City officials made Connor take it down because the banner was a code violation. Assistant Planning Director Gina Clayton said in order for the garage to erect more signage, the developer would have to apply for an amendment to its original "comprehensive signage program."
Connor said his firm is working to better promote the garage to beach hotels and restaurants in hopes more will purchase parking passes for employees. Rice said the city sold 88 spaces for the $40-a-month employee parking pass offer.
City Council member Doreen Caudell said despite the poor first-year performance, it wasn’t a mistake to build the Pelican garage. But she does hope it is the last parking structure to go up on Clearwater Beach.
She said the beach has more of a congestion problem than a parking problem, which must be addressed by keeping cars off the beach — not creating more spaces to put them.
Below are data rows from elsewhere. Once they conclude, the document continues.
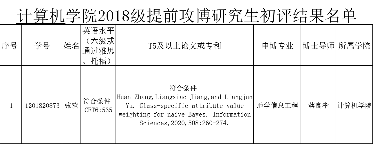 今年会体育官网2018级提前攻博研究生初评结果公示
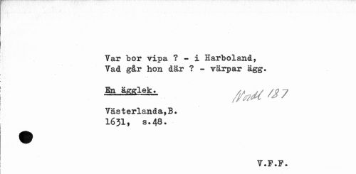 //// Var bor vipa ? - i Harboland, Vad går hon där ? - värpar ägg. //// Väs terlanda, B. 1631, s.48. //// V.P.F. ////
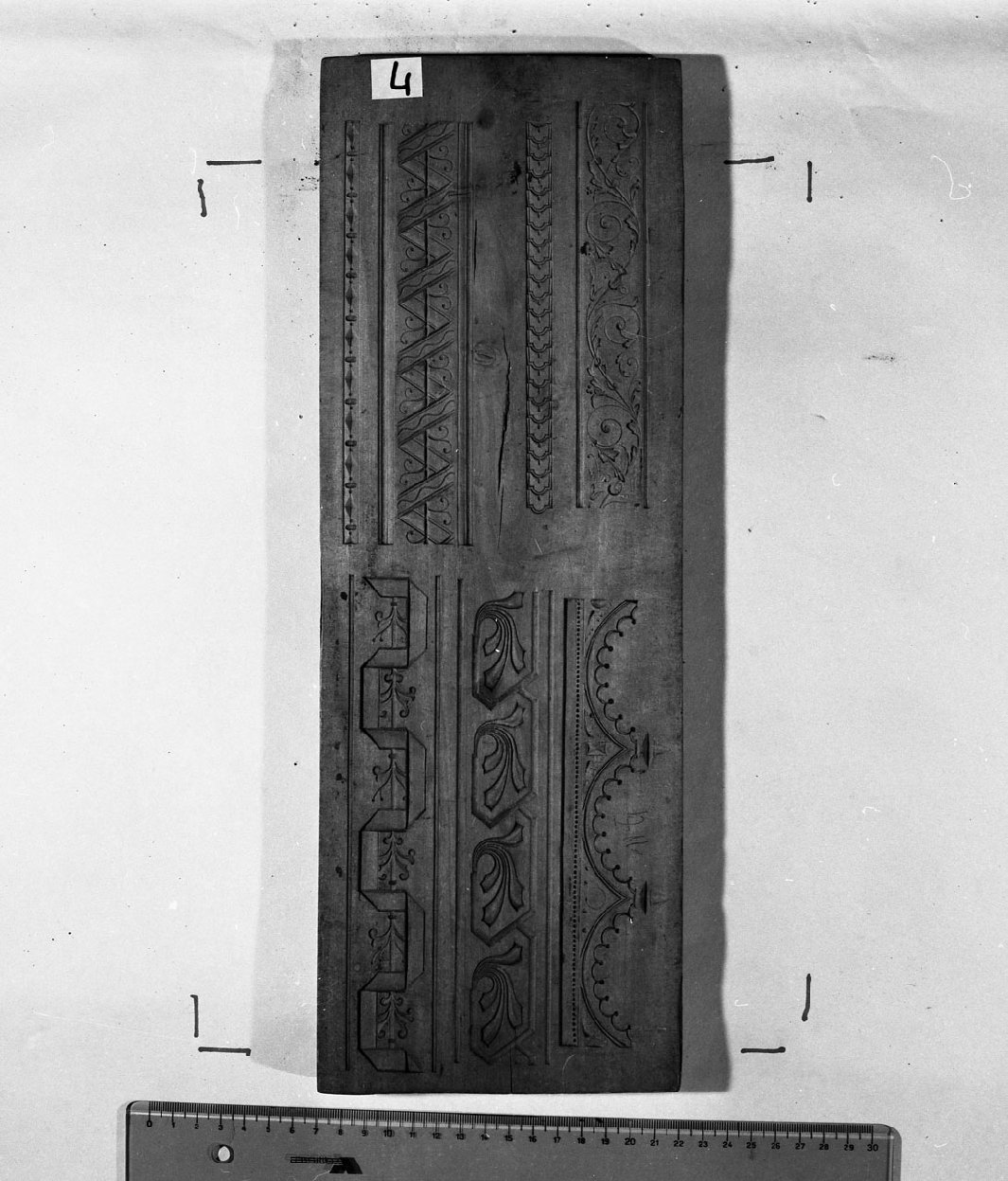 Stampo in legno realizzato con la tecnica dell'intaglio a sgorbia, utilizzato come modello per la decorazione di campane in brozo. La superficie ospita un repertorio di ornamenti, esattamente 7 fregi: 1) sottili girali fogliati; 2) sequenza di piccole squame geometriche; 3) una bandinella a zig zag con rigido stelo che porta elementi decorativi lineari; 4) motivo geometrico a losanghe ed ovali; 5) una fila di perline corona tre arcatelle i cui intradossi ospitano un motivo a petali, mentre gli estradossi presentano elementi alati; 6) girali fogliati geometrizzati; 7) bandinella a meandro con asta che motivi floreali stilizzati. Stampo numerato a lato: XXX
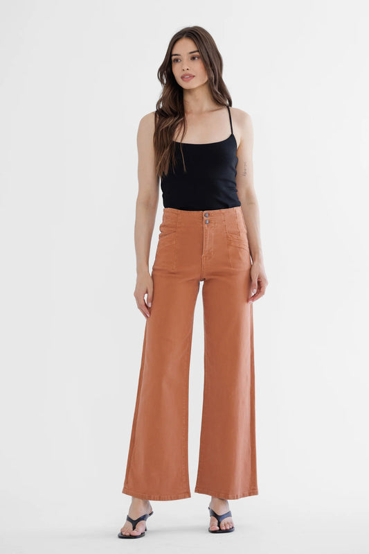 Ladies Mica Denim High-Rise Wide Leg Pants-Cinnamon

Caudell said there’s a need for alternative modes of transit, like an elevated railway system to bring people from downtown, over the Intracoastal and to the beach without their cars. Several versions have been pitched to city officials, like a gondola cable car like those in ski resorts and a magnetic levitation system, which does not exist anywhere in the world.
"Whoever comes up with the first one that can prove ridership and construct it and work together with (the state) should be the product," she said.